Kamikaze missions: spacecraft that met their doom – on purpose
We have a long history of crashing spacecraft into various celestial bodies after we're done with them. But it's not just a way to dispose of hardware – the descent and collision can tell us plenty too. Kate Goldberg explores.
Comet-chaser Rosetta's mission comes to an end next week – with a literal bang. More than 12 years after launch, the European Space Agency's probe will drop and crash onto the surface of Comet 67P/Churyumov–Gerasimenko, scanning its surrounds and beaming information to Earth until we inevitably lose contact.
It will be the latest in a long line of kamikaze space missions. Destroying an expensive probe may seem like a gigantic waste of time and money, but they are often unable to measure some aspects of a planet, asteroid or comet without getting up close and personal.
Sometimes crashing a spacecraft is the only way to glean particular information from a celestial body.
Besides, terminal plunges into the hostile atmosphere of, for instance, Jupiter, also protects precious moons from biological contamination.
So let's take a look at a few memorable suicidal spacecraft and what they told us in their final moments.
Launched in 1959, Luna-2 was the first spacecraft to land on the moon, and the second spacecraft to be launched in the Soviet Union’s Luna program.
Its crash landing east of the vast lava plain Mare Imbrium, and the impact of the third stage of its rocket on the moon, suggested that the moon had no noticeable magnetic field.

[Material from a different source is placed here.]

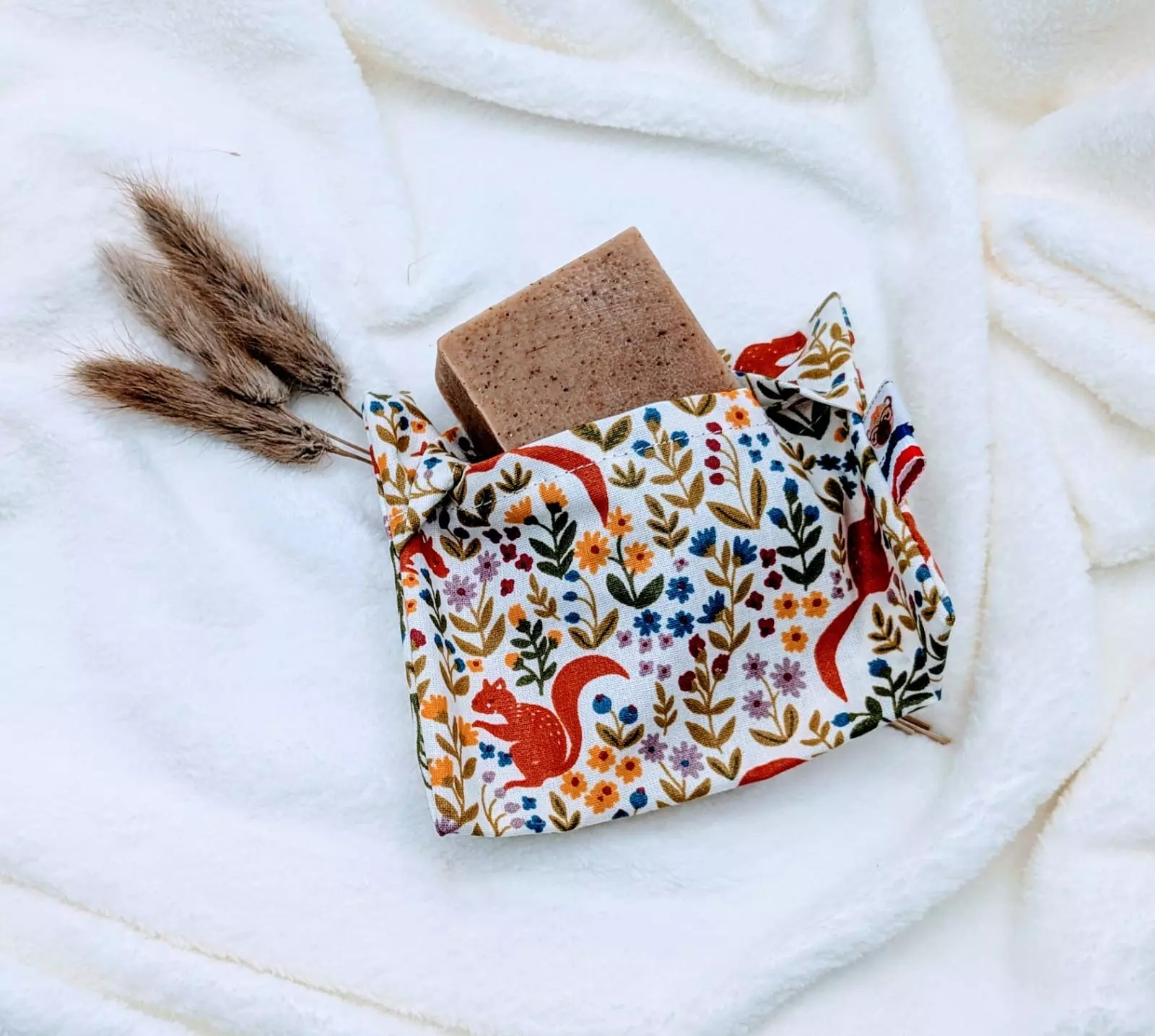 Notre pochette sandwich, avec ses dimensions d’environ 14 cm x 11 cm, est parfaitement adaptée pour accueillir un savon standard de 100 g.
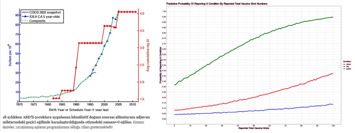 Otizm artışında çocukluk çağındaki aşılamalar arasında pozitif bir ilişki bulunduğu yönünde bir başka raporda ise; “Regresyon analizi ve aile geliri ve etnik köken kontrolü kullanılarak, 2000 ve 2001 yılları arasında her bir ABD eyaletinde önerilen aşıları olan çocukların oranı ile otizm (AUT) veya konuşma veya dil bozukluğu (SLI) prevalansı arasındaki ilişki belirlenmiştir. Pozitif ve istatistiksel olarak anlamlı bir ilişki bulundu. Suçlu civa başta olmak üzere aşılar olabileceğini göstermektedir” ifadelerine yer verildi… [ Kaynak; (9)]

NASA's Ranger 7 was designed to transmit images in the final minutes before it crashed into the moon in 1964.
It sent pictures showing the moon was very rocky and strewn with debris, but suggested that some areas were smooth enough – and potentially hard enough – for humans to land safely.
Lunar Crater Observation and Sensing Satellite (L-CROSS) and Lunar Reconnaissance Orbiter were sent by NASA on their way to the moon on 18 June, 2009.
Crashing L-CROSS would produce a plume of buried lunar material. This could be analysed for water, hydrocarbons and other hydrated materials. And when the craft's upper stage smashed into the surface, it confirmed the presence of pure ice, as well as methane, ammonia, hydrogen gas, carbon dioxide and carbon monoxide, believed to be the remnants from a comet impact.
The Venus-mapping probe was deployed in May 1989 by NASA and reached Venusian orbit 15 months later, spending four years dutifully snapping images of Earth's neighbour.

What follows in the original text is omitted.